SHHH! Easter Bunny Not Real!


by


An old girlfriend of mine

still believed in the Easter Bunny when she was ten.

So fervently did she believe,

that she got into a big argument at school with her friends who knew better.

She went home and told her mother,

who chose that moment to tell her the Easter Bunny was a myth-

a moment of utter humiliation.

As a parent, what do you do?

If you tell your kids the truth about Santa or the Easter Bunny,

you risk ruining the whole game for them.

But if you lie, what does that teach them about honesty?

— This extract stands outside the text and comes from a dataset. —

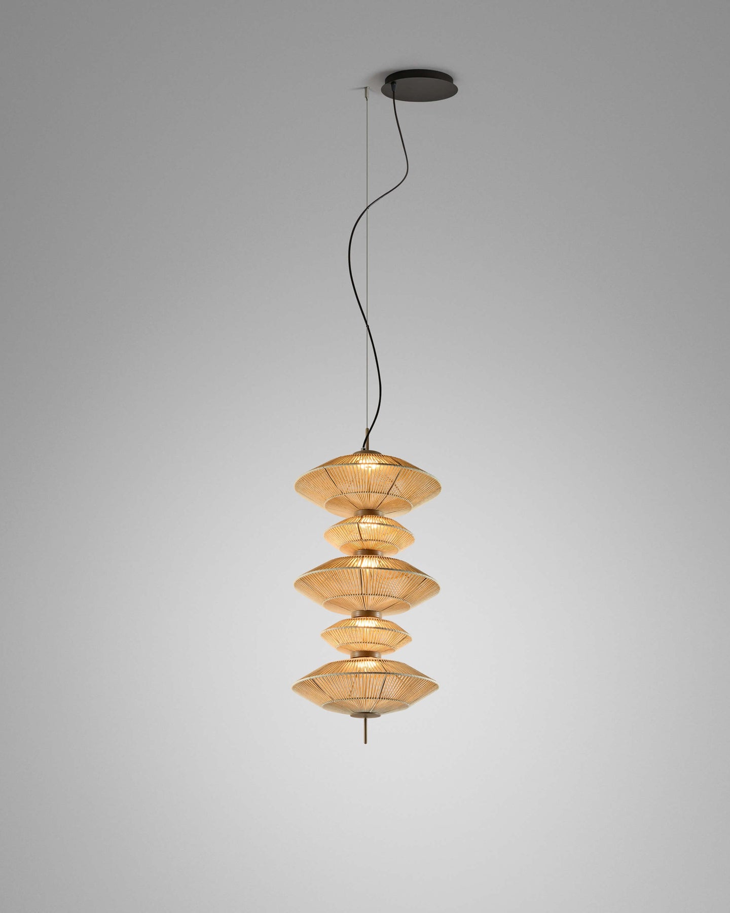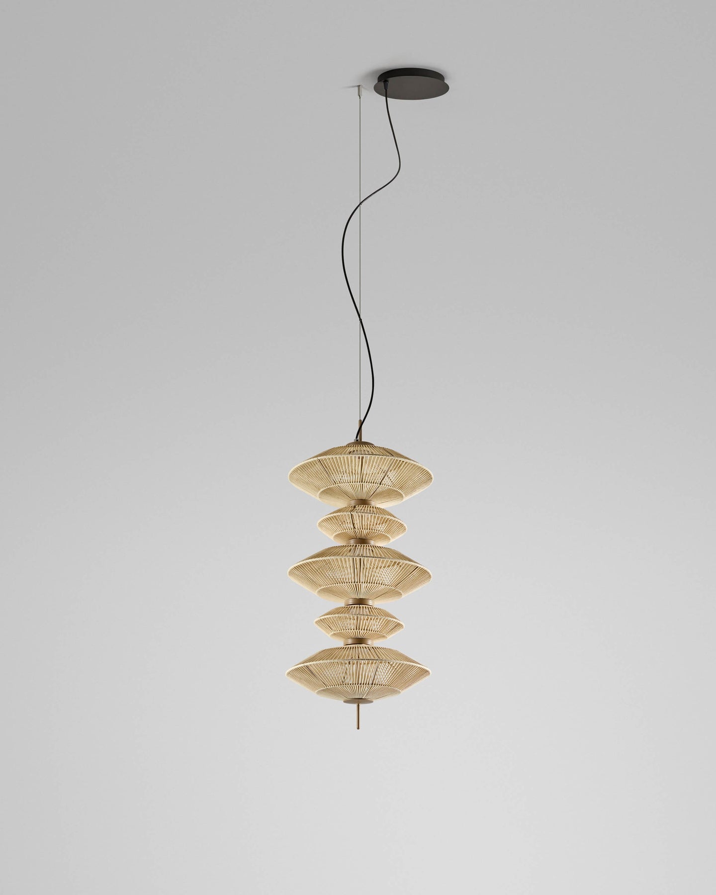 This specific listing features a dynamic composition of five handwoven shades—a curated mix of three large and two small elements—fixed within a single structured drop. Each shade is meticulously crafted by hand-weaving continuous cotton thread into a soft beige finish, offering a warm, organic texture. Designed by Joana Bover and made in Barcelona, this fixture brings an artisanal, multi-tiered character to sophisticated interior voids.

I've never been a real father,

but I have played the role of parent-like entity.

I used to drive a 4-year-old girl named Bo

to daycare in the morning, and we talked about stuff.

One morning she asked me if I believed in the Easter Bunny.

I said "no, but I could be wrong."

She asked why.

"Because I've never seen the Easter Bunny."

"My friend Briny has."

"Oh," I said, "what did he look like?"

"He was big and white

and had a bag of chocolate eggs."

"Really?

I wonder where he got all those eggs?

I mean, bunnies don't lay eggs."

"they don't?"

She looked like she was about to burst into tears.

"I know," I said, "he gets them from Easter Chickens."

She'd never heard of Easter Chickens before,

so she was a bit skeptical-and I didn't push it.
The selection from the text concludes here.